Ping Cheng pinglinux at gmail.com
Fri Mar 19 22:58:44 PDT 2010


On Fri, Mar 19, 2010 at 3:28 AM, Henrik Rydberg <rydberg at euromail.se> wrote:
> Rafi Rubin wrote:
>> Of course this doesn't make as much sense if we follow Henrik's argument about
>> suppressing motion until the current values have changed enough.  But there
>> again, do we emit just the one contact or the whole group?  If the whole group,
>> then my argument stands.  As for reporting only subsets of the contacts as
>> needed, we would either have to move tracking to the kernel, or be pretty
>> careful about the conditions for "enough".
>
> The reporting is always for the whole group, since the contacts are
> interdependent. I do not see what argument stands because of this, nor the
> rationale behind it.
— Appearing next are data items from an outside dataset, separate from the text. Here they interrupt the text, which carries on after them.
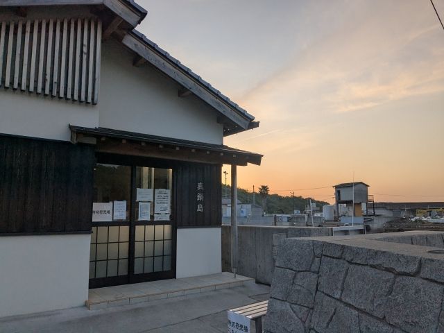 わずか8分で真鍋島の本浦港に到着。待合室、めっちゃきれいなトイレ、コカコーラの自販機があります。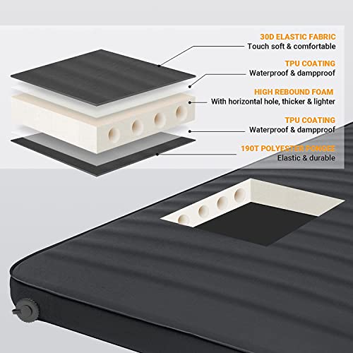 KingCamp Materassino da campeggio autogonfiante, materasso ad aria gonfiabile, materassino gonfiabile in schiuma, doppio (200,9 x 127,8 x 7,6 cm) portatile, grande, spesso, caldo, per campeggio,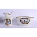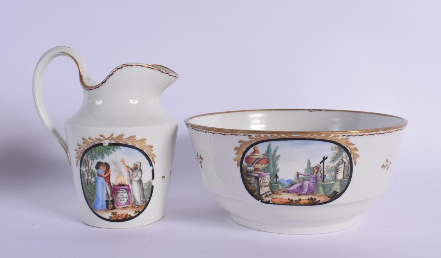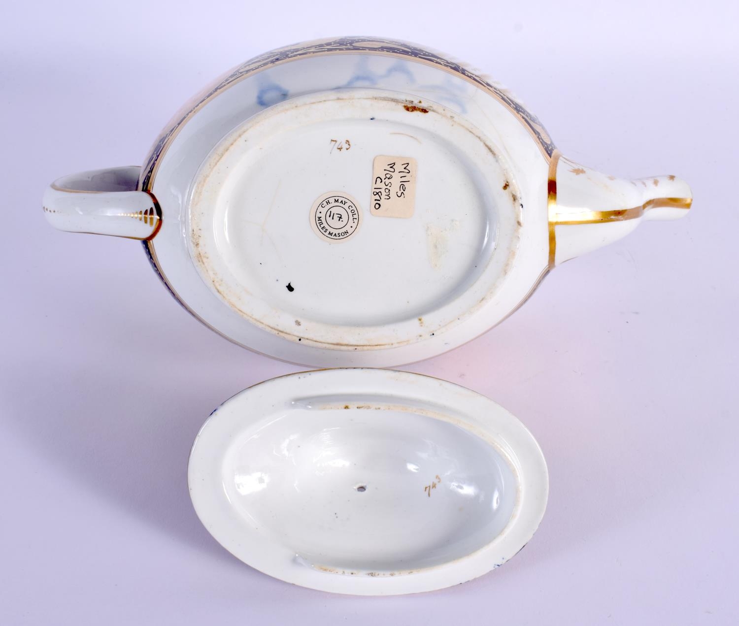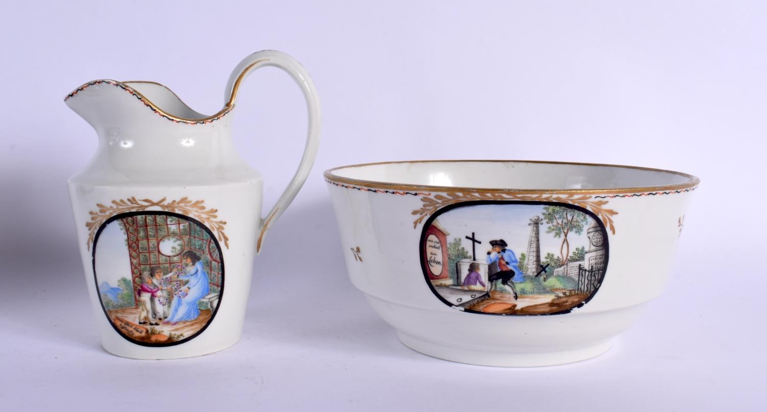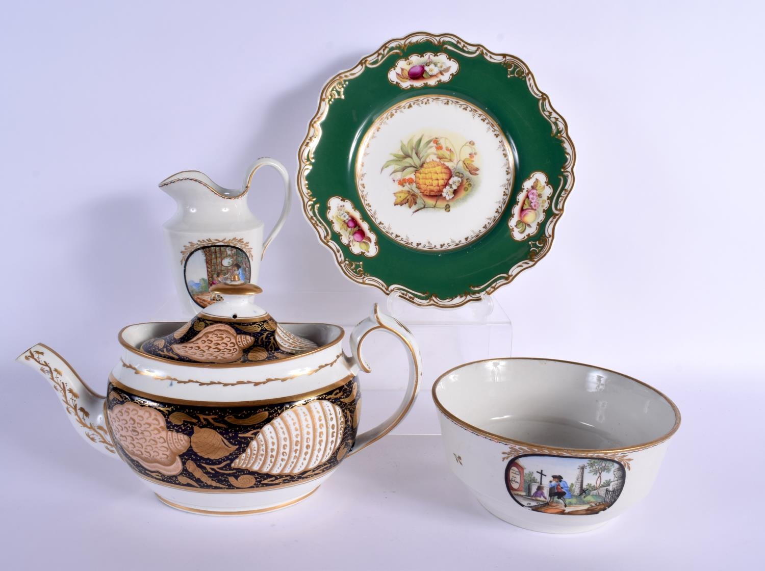 AN EARLY 19TH CENTURY MILES MASON TEAPOT AND COVER together with late 18th century Limbach jug with bowl & a plate. Largest 27 cm wide. (4)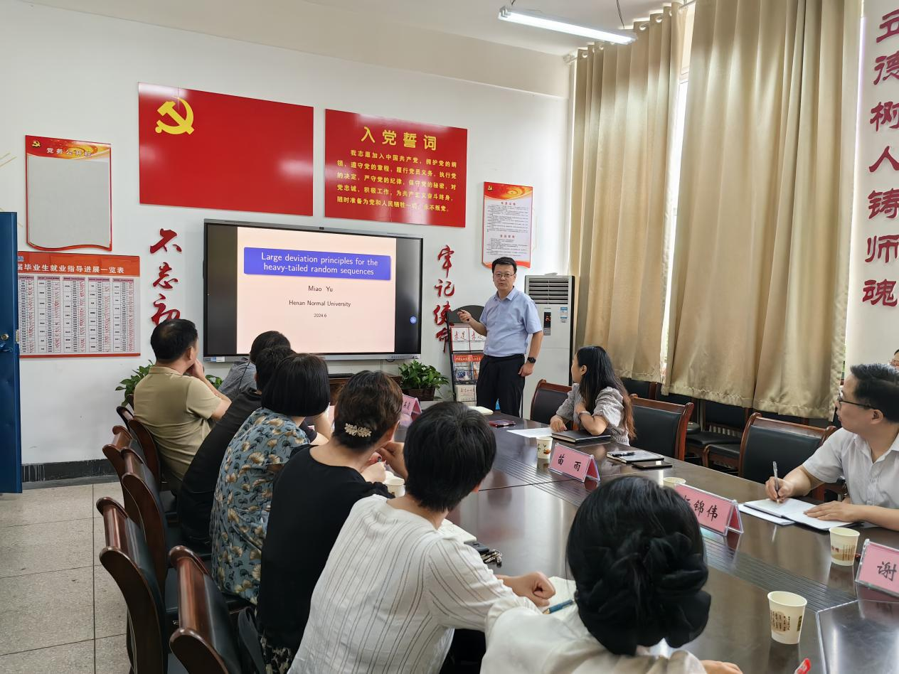 6月28日下午,河南师范大学苗雨教授在E8官网登录入口2317会议室作了一场主题为“Large deviation principles for the heavy-tailed random sequences”的学术报告,报告由E8官网登录入口经理王俊俊主持,统计学教研室相关教师参加。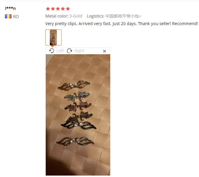 Доставка быстрая. Но заказывала 2 одинаковых зажима , а выслали разные. Нужно было на одну вещь, теперь не подойдут. И ооочень тугие! очень трудно открывать.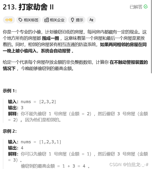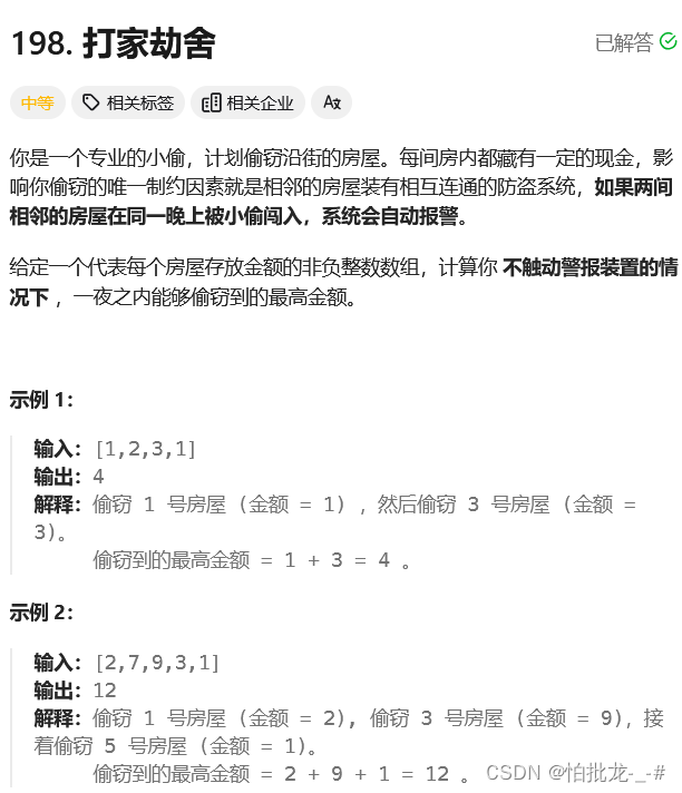 本文介绍了在LeetCode平台上涉及的三个打家劫舍问题的动态规划解法,包括基本打家劫舍、包含头尾限制和二叉树打家劫舍,通过递推公式和dp数组求解最大盗窃金额。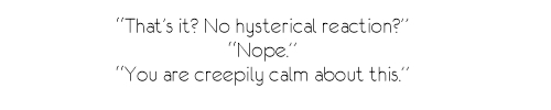 He can be awkward to those he loves, to those he admires, many underestimate him, see him as simply a pretty face, forget that the pretty face masking deadly wits, is, by all means, deadly. He has lived a sheltered life, created a truth for himself by what he has found out, by the information he has been given, but it is a distortion of the truth. He is unaware of that. He is idealistic, and he strives for equality, for the erasure of poverty, of misery, for the promotion of truth and freedom. It is a byproduct of his innocence, or perhaps his innocence is the byproduct of such idealism. He does not discriminate-- all are equal, rules are set for a reason, and the only way such rules should be broken are if they infringe on his moral compass, if the reason is weak, if the judgement behind them corrupt.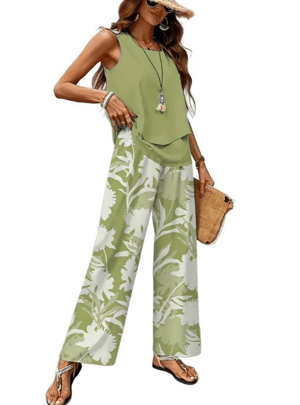 בחרתי בד רך ונושם שנשפך יפה לאורך הגוף, לא נצמד, אבל גם לא מסתיר — בדיוק האיזון שאת ואני מחפשות. החלק העליון מסתיר בעדינות את אזור הבטן, בלי לוותר על קו נקי ומחמיא. המכנסיים רחבים ונופלים באלגנטיות, עם גזרה שיוצרת מראה ארוך ורענן.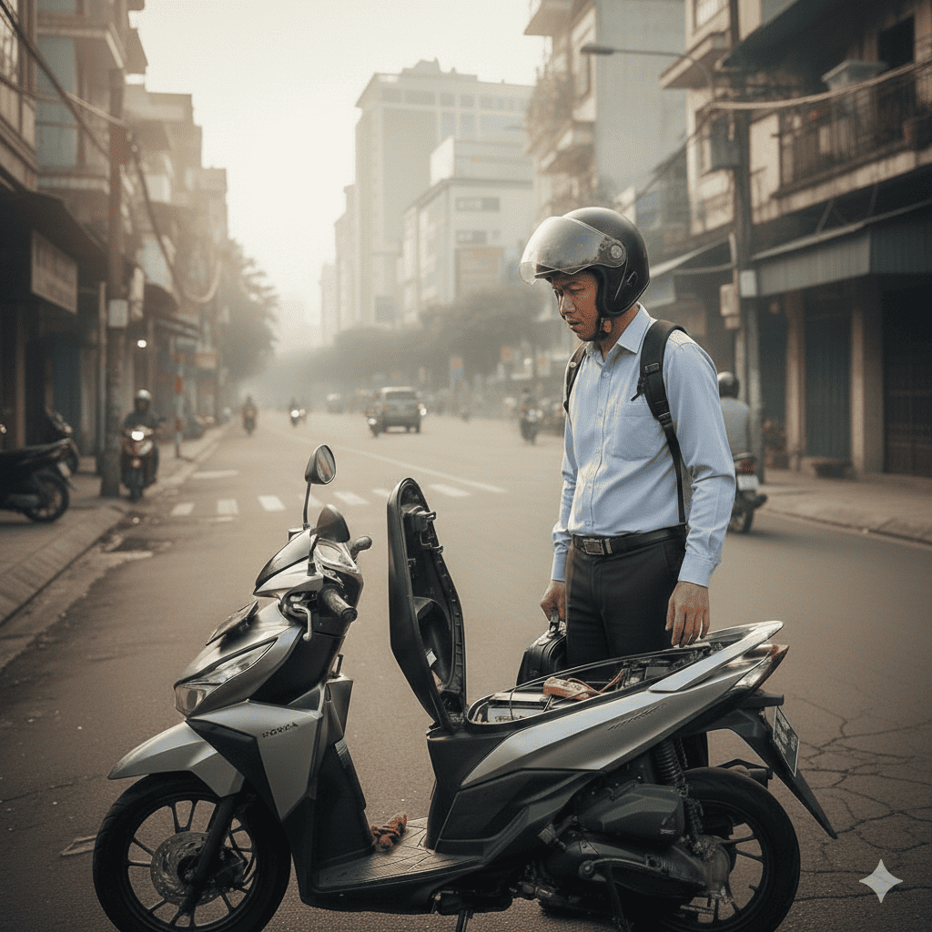 - Motor: coba gunakan kick starter (jika tersedia)

Could you clarify, please?


As far as I understand the _MT_ case, it work like this: if we have a
tracking ID, we don't have to report the whole group.  If we don't
have an ID for individual touch, we would have to report the whole
group otherwise we would have problem to match the ones in the last
group with the ones in the current group.

If we consider to filter the data in the kernel, reporting ID from the
kernel is unavoidable.  Otherwise we would have to either filter the
whole group or report the whole group even if there is only one point
in the group changed significantly.


>> Much of that would simply be covered by the addition of a "contact
>> count" event (though clearly in some cases
>> that value needs double checking from what the hardware reports).
>
> I have thought about adding the contact count to the MT event stream for said
> reasons, but I really, really, do not want to change the API unless it is
> extremely necessary.

Reporting contact count in the kernel (driver) offers a generic way to
keep track of how many touches we may expect even before we receive
the real _MT_ events.  If we don't have this count, X driver or user
land application would have to retrieve the count case by case from
the hardware or by some other device specific means.  From a device
driver (both kernel and X server) developer's point of view, changing
kernel API now resolves a lot of issues downstream.